As schematically represented in Fig.1A, mice were injected with a single dose of TCPOBOP or oil and sacrificed 1 week later. As shown in Fig. 1B, a single dose of Venetoclax in vitro TCPOBOP elicited a massive enlargement of the liver that doubled 7 days after mitogen administration (liver weight/body weight 10.96% versus 5.31% in controls). Liver enlargement was due, at least in part, to hepatocyte proliferation, as shown by the striking increase in BrdU incorporation (labeling index 43.95% versus 3.83% in controls) (Fig. 1C). Administration of a second dose of TCPOBOP 1 week after the first treatment (Fig. 1A, bottom), a time when the liver was twice

the size of the normal adult liver, did not cause any further enlargement of the organ (liver weight/body selleck screening library weight 11.39% versus 10.96%) (Fig. 1B). Accordingly, no increase in BrdU incorporation was observed in this group (5.91% versus 43.95% of mice treated with only one dose; 3.83% in controls) (Fig. 1C). Because most of the effects of TCPOBOP are mediated by binding and activation of constitutive androstane receptor (CAR), we considered the possibility that the lack of

proliferative response of the enlarged liver could be due to down-regulation or functional inactivation of CAR. We thus evaluated the expression of Cyp2b10, a specific CAR target gene (Fig. 1D), and found that Cyp2b10 expression was increased almost 30-fold over control values both after the first as well as the second dose of TCPOBOP, thus showing that CAR was active in both the conditions. These results suggest that the refractoriness of the enlarged liver to a second mitogenic stimulus is not

due to lack of CAR transcriptional activity, but likely to the ability of the liver to sense its oversize and to trigger pathways aimed at inhibiting Leukocyte receptor tyrosine kinase further growth. To determine whether dysregulation of the Hippo pathway was involved in the initial mitogenic response elicited by TCPOBOP, we treated the animals with either oil or TCPOBOP and sacrificed them 24 and 36 hours or 1 week after one dose, and 24 and 36 hours after two doses of TCPOBOP (Fig. 2A). As shown in Fig. 2B and 2C, BrdU incorporation was significantly increased 24 and 36 hours after a single dose of TCPOBOP, and returned to basal values 1 week after treatment. The increased labelling index was associated with increased protein levels of cyclin D1, cyclin A, and PCNA (Fig. 2D).
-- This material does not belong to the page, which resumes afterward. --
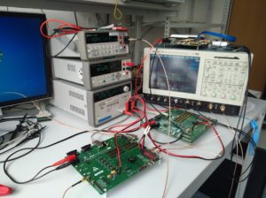 验证系统本身由带有用于芯片的插座的电路板组成。该板包含一个带有大型Xilinx FPGA的子卡,通过以太网连接到实验室的网络。我们可以通过网络轻息地编程FPGA,并使用它来控制所测试(DUT)的设备的所有数字输入,并监控其输出。来自DUT的各种模拟输入和输出连接到可切换,可以将它们切换到一组超级版本A(SMA)连接器,该连接器连接到范围,频谱分析仪和信号源。我们还可以远程控制这些仪器中的每一个,并在一起意味着来自DUT的所有输入,输出,模拟和数字信号都可以强制到我们想要观察的任何值。

Notably, YAP levels were also increased at these time points, indicating a dysregulation of the Hippo pathway during TCPOBOP-induced hepatocyte proliferation; the return of YAP levels to control values 1 week after treatment suggests reactivation of the Hippo pathway, leading to block of hepatocyte proliferation. Notably, when a second dose of TCPOBOP was administered 1 week after the first dose, namely at a time when the size of the liver was twice that of controls (Fig.